Le 18 janvier, lors d’un événement aux bureaux de Microsoft à Bruxelles, Brad Smith a déclaré que les négociations en vue d’un nouvel accord sur le transfert des données étaient « trop importantes pour ne pas aboutir ». « Même si on ne parvient pas à une réussite complète, il ne faut pas accepter l’échec », a-t-il martelé. 

Contexte

L'accord Safe Harbor entre l'UE et les États-Unis a permis à plus de 4 000 entreprises de transférer des données de l'UE vers les États-Unis tant qu’elles garantissaient la sûreté de ces données à outre-Atlantique. En octobre 2015, la Cour de justice européenne a cependant décidé que la protection des données aux États-Unis était inadéquate. La Cour a invalidé l'accord de Safe Harbor à cause des pratiques de surveillance du gouvernement américain, qui menace la protection des données des citoyens européens, et du manque de recours juridique possible.

Depuis ce jugement, les négociateurs européens et américains s'efforcent de mettre en place un nouvel accord sur le transfert de données.

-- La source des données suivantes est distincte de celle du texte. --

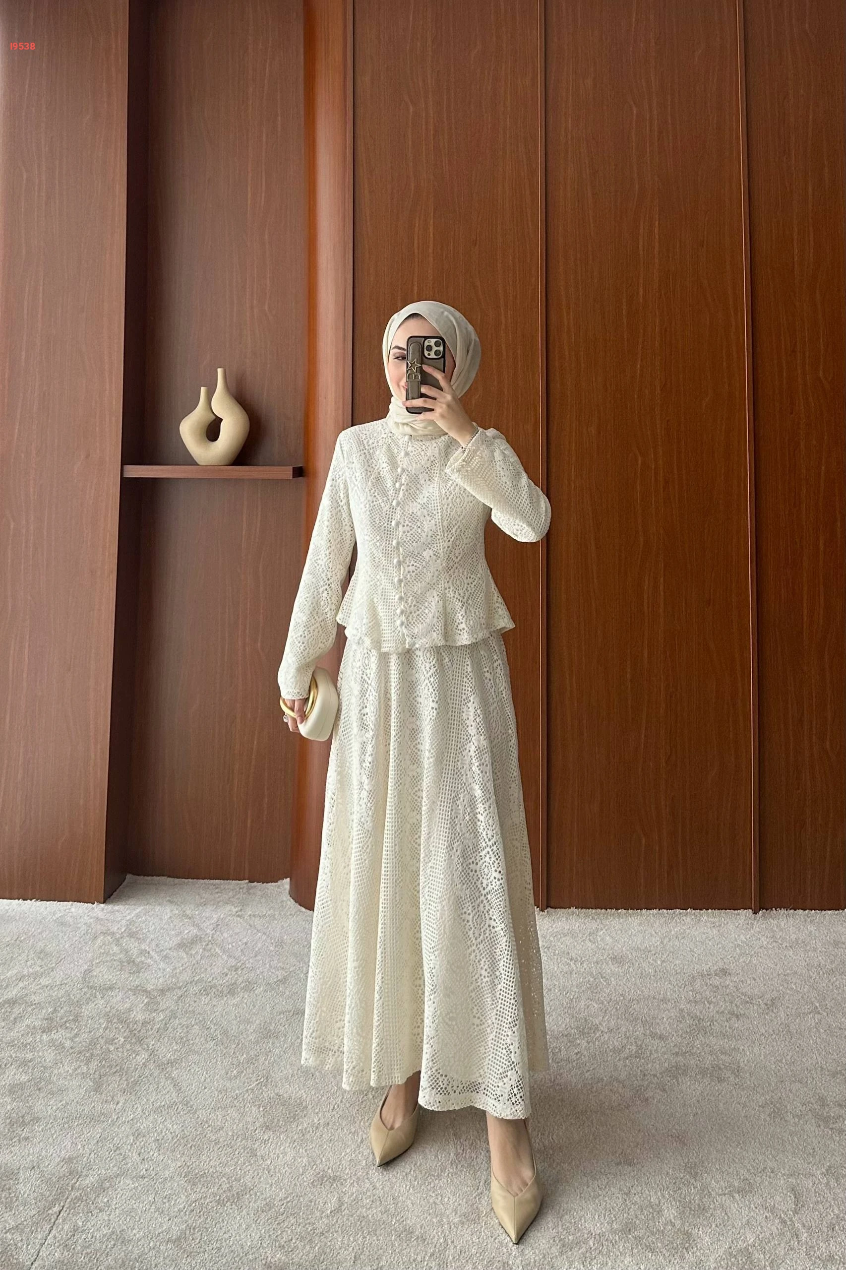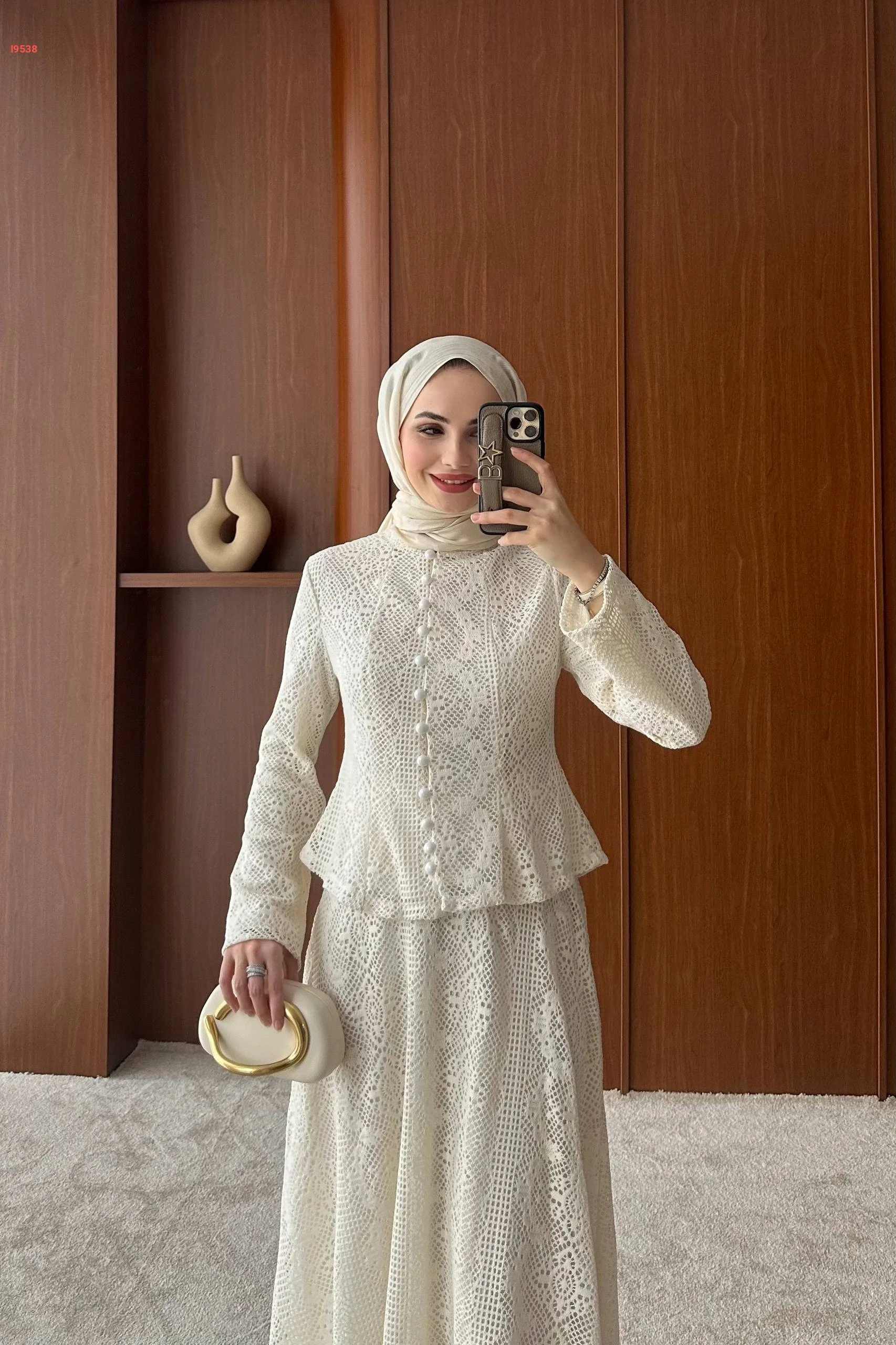 طقم "دانتيل" أبيض ناعم يتكون من سترة بخصر محدد وأزرار لؤلؤية مع تنورة طويلة

Les autorités de protection des données des 28 pays européens se sont rencontrées après la décision de la Cour de justice et ont demandé à la Commission de mettre en œuvre d'un nouvel accord d'ici la fin janvier 2016. Ces autorités sont chargées de gérer les plaintes liées à la vie privée dans les États membres. 

Prochaines étapes

  • Fin janvier : Date donnée par les autorités de protection des données européennes pour la présentation d'un nouvel accord UE-États-Unis sur le transfert de données.
  • 2 février : Réunion des autorités de protection des données.